• Data:
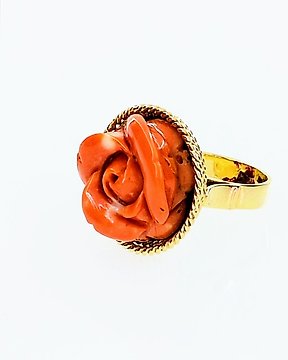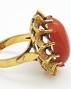 Anello - 14 carati Oro giallo, Anello in oro giallo 14K con cabochon di corallo rosso Corallo
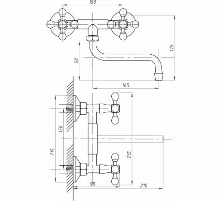 Смеситель для кухни Псм-Профсан Стандарт-Б настенный PSM-108-89
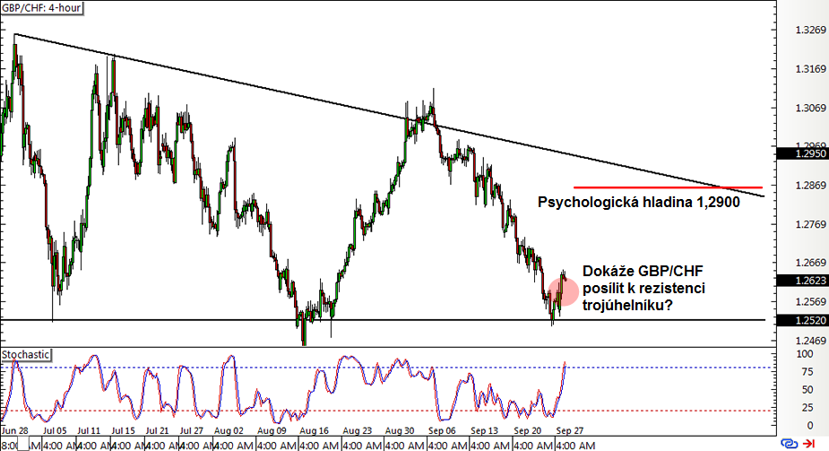 GBP/CHF: Měnový pár GBP/CHF se obchoduje uvnitř trojúhelníkové formace na 4hodinovém grafu. Po otestování supportu trojúhelníku kolem hladiny 1,2500 by mohl měnový pár růst a otestovat naopak rezistenci trojúhelníku kolem psychologické hladiny 1,2900. Dočkáme se růstu měnového páru nebo naopak dojde k průrazu pod support trojúhelníku a následnému poklesu?
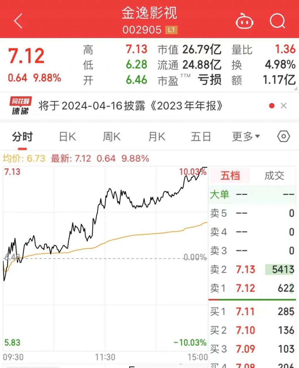 截至春节前(2 月 8 日)A 股收盘,金逸影视(SZ002905)股价 7.12 元,市值 26.79 亿元。

• Exercise objective:
The lines to be transcribed are those from the first line of the data above through the line holding "Смеситель для кухни", inclusive; copy them exactly and only, leaving out the pictures.

• Exercise answer:
 Anello - 14 carati Oro giallo, Anello in oro giallo 14K con cabochon di corallo rosso Corallo
 Смеситель для кухни Псм-Профсан Стандарт-Б настенный PSM-108-89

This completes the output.